De “Lady” even aanraken, het kleine beeldje van een lady die leunt tegen een eenhoorn en in de rokerslounge stond, werd het ultieme gebaar voor menig duiker.
Interessanter voor liefhebbers : het ruim volgestouwd met JMC trucks, wapens, munitie, jeeps, kanonnen.
Tony geniet.

Het is moeilijk je nu in te denken hoe in volle oorlogstijd het water waar we nu op dobberen propvol lag met boten, dat er aan land vier grote vliegvelden pronkten, er 40.000 militairen gestationeerd waren, 4 tot 500.000 man hier doorreisden . Een gekrioel van belang in het stadje van nu zo een 14.000 inwoners.
Er rest enkel nog, de snelwegbrede hoofdstraat (breed genoeg om 4 trucks langs elkaar toe te laten, daar stond de commandant op), nog wat van de quonset hutten, overwoekerde vliegvelden, overal verspreide wrakken en million dollarpoint waar men na de oorlog alle materiaal gewoon in zee duwde.

Om onze provisies weer aan te vullen, ankeren we bij het Beachfront Resort in Luganville. Dichtbij de stad om inkopen te doen en toch rustig zodat we elke avond van het zwembad, een drankje en hapje kunnen genieten én van een gesprekje met een leuk NZ gezin met vakantie. We lezen online wat nieuws, hebben één avond zelfs, toevallig, door het indrukken van een fout knopje, een verrassings babbeltje met een beste vriendin.

Voor het Beachfront Resort.

Gasbus laten vullen...



...en samen met diesel en benzine aan boord brengen.

We mailen ook nog steeds met een ambtenaar in Noro (Salomon eilanden). Als hij ons laat weten dat we een PCR test nodig hebben en een sanitair certificaat voor de boot en we beseffen dat het ons meer dan 1.500 € extra zal kosten, meer nog dat deze dingen in Sola, onze laatste haven niet mogelijk zijn, raken we even in paniek. Moeten we onze bestemming nu nog wijzigen? Maar dan stelt hij ons meteen ook weer gerust. In de Salomons kan dit ook nog geregeld worden. Laten we dat dan maar hopen.

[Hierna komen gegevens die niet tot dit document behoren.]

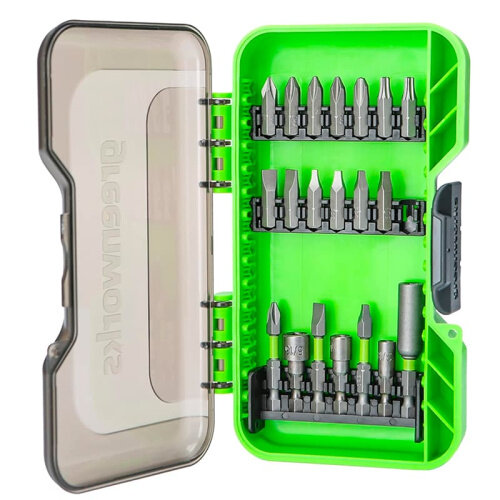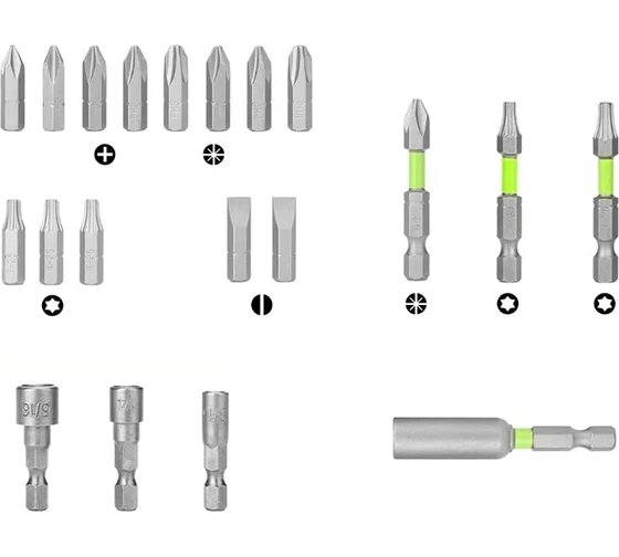 Набор содержит биты, торцевые головки и адаптеры востребованных размеров для производительной работы в мастерской или на строительном объекте со всеми представленными на рынке безударными и ударными дрелями-шуруповертами и ударными винтовёртами.
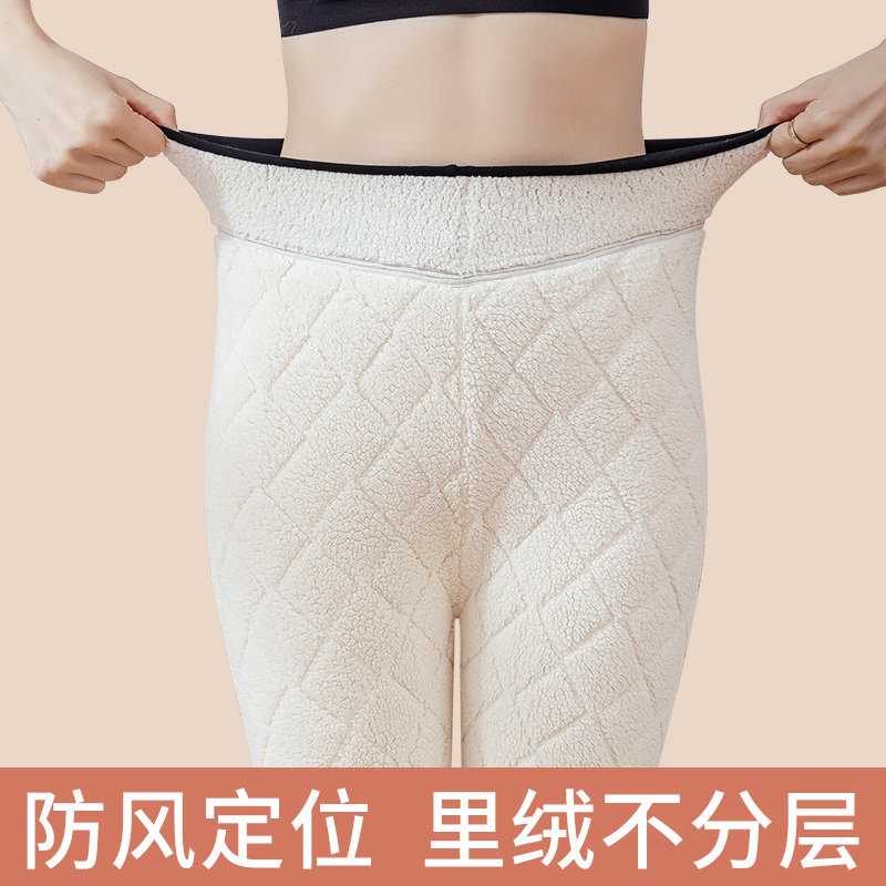 蚕丝棉裤女外穿冬季加绒加厚羊羔绒打底裤东北特厚高腰大码保暖裤

Prompt gaan we uitklaren in het immigratiekantoor, dat kunnen we in Sola niet. Zeven ingevulde formulieren en flink wat wachten later verlaten we zwetend het piepkleine kantoor, mét een stempel van Vanuatu in ons paspoort (tot 30 oktober).
Douane is er wél op Sola. Die formaliteiten kunnen we daar volbrengen. We hebben alvast een brief voor hun bij.

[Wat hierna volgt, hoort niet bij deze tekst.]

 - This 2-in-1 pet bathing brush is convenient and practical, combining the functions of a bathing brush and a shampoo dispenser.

De vier trucks brede hoofdstraat.


Markt in Luganville.

 

Positie : Beachfront Resort, Luganville ( Espiritu Santo – Vanuatu)



Dinghy dok met overdekte leugenbank links. 

Voor we de Maskelyne eilanden verlaten, willen we nog even een kijkje nemen in Uliveo, waar we drie jaar geleden het jubileum van de doopvontsschelpen farm meevierden.
Is het nu toeval ? Ook dit keer wordt er gevierd. Zodra we voet aan wal zetten, het spannende binnenvaren van de ”hondenpoot” pas met harde wind brachten we er goed vanaf, en we een praatje maken met de altijd aanwezige mannen op de “leugenbank” onder het rieten afdak, komt Philip ons achterna gelopen en nodigt ons uit voor de “fathersday celebration” van morgen zondag in hun Presbyteriaanse gemeenschap. We moeten op tijd komen want er horen wat voorbereidingen bij, doet hij mysterieus. En het programma zal hij ons later komen vertellen.
Zondag loop ik de ganse dag in een weinig flaterende “aelan dress” (eiland jurk ook wel missionaris jurk) dat hoort zo, beweert Philip. Captain Tony krijgt, samen met alle vaders, een bloemenkrans omgehangen.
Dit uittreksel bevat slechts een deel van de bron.